The thing is, we get that scenario that you gave with the hangouts and circles
with Facebook, which teenagers use all the time. And, again, those questions
you brought up are part of the legal gray area I mentioned above, of how much
control the government and parents should have over how teenagers can use the
internet.

I think the main frustration I have here is that I have other friends who
never gave their ages to Google - i.e., who never signed up for a Youtube
account - who have been able to get onto Google Plus. (I know because they
keep sending me invites. It's quite aggravating.) Which just goes to show that
Google's rules aren't even being evenly applied across the board.

But hey, fair enough. As I said at the end, I just hope they get out of the
field trial stage soon. And for now, I'm off to make a new anonymous Google
account. :)

------
wccrawford
Or, you know, all those pesky laws. Like the ones that deal with what
information you can legally store about minors, most of which GMail and
Google+ would violate due to their very nature.

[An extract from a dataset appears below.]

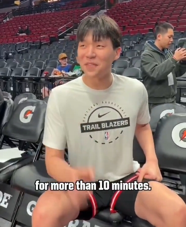 合影结束后,杨瀚森被问到与偶像聊天的感受,他表示:“非常开心,我练了十几分钟的英语,全用上了。”

I don't blame them at all. It isn't Google's fault, it's the fault of whoever
decided that 'protected' teenagers meant forcing them to lie about their age
to get accounts on the net.

------
T-R
I understand how you feel, but I can't imagine Google's restricting the
service for anything but practical reasons. Minors are, legally, a special
case, and Google+, being in such an early stage of development, might not have
the privacy features necessary yet, or they may not feel ready to test them. A
legal issue arising from minors using the service at this point in the
product's lifecycle would be disastrous PR-wise.

------
jinushaun
Tries to blame Google+ for what is essentially an Internet wide issue. There
are thorny legal issues involved that aren't limited to just COPPA.

Facebook did just fine restricting its website to just college kids.